- **DATA TO EXAMINE**
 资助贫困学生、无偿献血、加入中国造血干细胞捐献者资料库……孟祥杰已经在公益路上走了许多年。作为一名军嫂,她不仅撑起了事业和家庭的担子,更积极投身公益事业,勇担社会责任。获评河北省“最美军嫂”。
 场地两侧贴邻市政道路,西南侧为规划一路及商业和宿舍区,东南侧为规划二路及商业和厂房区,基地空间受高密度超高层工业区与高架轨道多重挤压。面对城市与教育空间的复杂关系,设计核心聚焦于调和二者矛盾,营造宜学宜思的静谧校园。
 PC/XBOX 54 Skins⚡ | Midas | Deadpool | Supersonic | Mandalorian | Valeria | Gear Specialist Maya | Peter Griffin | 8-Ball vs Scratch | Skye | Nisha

...

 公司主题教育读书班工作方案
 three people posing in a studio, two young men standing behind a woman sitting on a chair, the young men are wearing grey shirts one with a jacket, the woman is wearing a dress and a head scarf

- **TO DO**
Go to the line with "资助贫困学生、无偿献血、加入" in the entries above and repeat every line from there through the line with "PC/XBOX 54 Skins⚡", exactly and with no other text.

- **ANSWER TO THIS PROBLEM**
 资助贫困学生、无偿献血、加入中国造血干细胞捐献者资料库……孟祥杰已经在公益路上走了许多年。作为一名军嫂,她不仅撑起了事业和家庭的担子,更积极投身公益事业,勇担社会责任。获评河北省“最美军嫂”。
 场地两侧贴邻市政道路,西南侧为规划一路及商业和宿舍区,东南侧为规划二路及商业和厂房区,基地空间受高密度超高层工业区与高架轨道多重挤压。面对城市与教育空间的复杂关系,设计核心聚焦于调和二者矛盾,营造宜学宜思的静谧校园。
 PC/XBOX 54 Skins⚡ | Midas | Deadpool | Supersonic | Mandalorian | Valeria | Gear Specialist Maya | Peter Griffin | 8-Ball vs Scratch | Skye | Nisha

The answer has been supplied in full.